За дверью первое — запахи! тёплые, радостные запахи, и с остротой, и с густым пивным духом. Три соединённых помещения, да просто три комнаты, одна на Никитскую, одна — в глухой двор, куда и повернули они. Котя толканул Саню в бок: сидел у пива и воблы известный университетский профессор с естественного факультета, и студенты с ним. В нескольких местах — офицеры, а то — вроде адвокатов. И нигде ни одной женщины, заповедник мужского досуга. Видно по пустым бутылкам, не убираемым для счёта, что сидели тут часами многими и объяснялись до конца. Читали и газеты, журналы разложенные. Подхватил на ходу Котя “Ниву”, Саня — “Русское Слово”. Выбрали столик у окна в глухое нагромождение пивных ящиков.

— До сих пор всё хорошо, — просматривал Саня. — Наступаем и в Австрии, и в Пруссии, везде удачно.

— Слушайте, слушайте! — громко объявил Котя. — Приказ войскам военного министра лорда Китченера: “Обращайтесь с женщинами вежливо, но избегайте близости с ними!” А? О чём заботятся!.. А?..

Хохотал оглушительно, да правда же смешно.

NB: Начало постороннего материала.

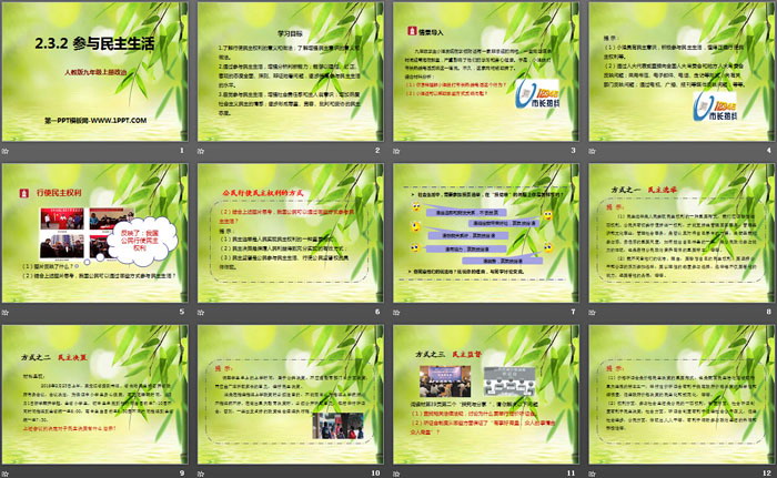 关键词:人教版九年级全一册道德与法治PPT课件免费下载,参与民主生活PPT下载,追求民主价值PPT下载,.PPT格式;

Тут и другие шумели, смеялись, не тихо было в пивной. Да и есть уже очень хотелось, раздразнилось, и выпить неплохо, всё кстати.

— Так, молодые люди, селянку, котлеты, что будете? — спрашивал одолжительный старик. — А вы против мяса не возражаете? — заботливо к Сане.

— Селянку! Обоим! — определял Котя.

Селянку проносили — ароматный парок, сложный ласкающий запах.

И Варсонофьев заказал две.

— А вам, Павел Иваныч?

Варсонофьев выставил длинный белый палец свечою:

— В вашем возрасте удовольствие — поесть, в моём удовольствие — ограничиться.

— Да сколько ж вам, Павел Иваныч?

— Да считайте кругло пятьдесят пять.

По седине, по впадинам лица, они ожидали больше, но и пятьдесят пять немало, не возражали. А заказ давал, и пиво разливал, и заедал мочёным горохом Павел Иваныч со вкусом. И спрашивал Саню:

— И что же вас с графом Толстым разъединило?

Саня — не сразу отвечать. Сперва подумать, как же верней. Он вообще не спешил. Котя за него решительно:

— Телега!

— Телега?

Саня ещё подумал, кивнул:

— Да. Это, знаете, какой-то грамотный крестьянин послал Толстому письмо. Что, мол, государство наше — перекувырнутая телега, а такую телегу очень трудно, неудобно тянуть, так — доколе рабочему народу её тянуть? не пора ли её на колёса поставить? И Толстой ответил: на колёса поставите — и сразу в неё переворачиватели же и налезут, и заставят себя везти, и легче вам не станет. Но что ж тогда делать?

Саня виновато смотрел, не слишком ли долго собой занимает. Нет, Павел Иваныч — слушал, не тяготясь.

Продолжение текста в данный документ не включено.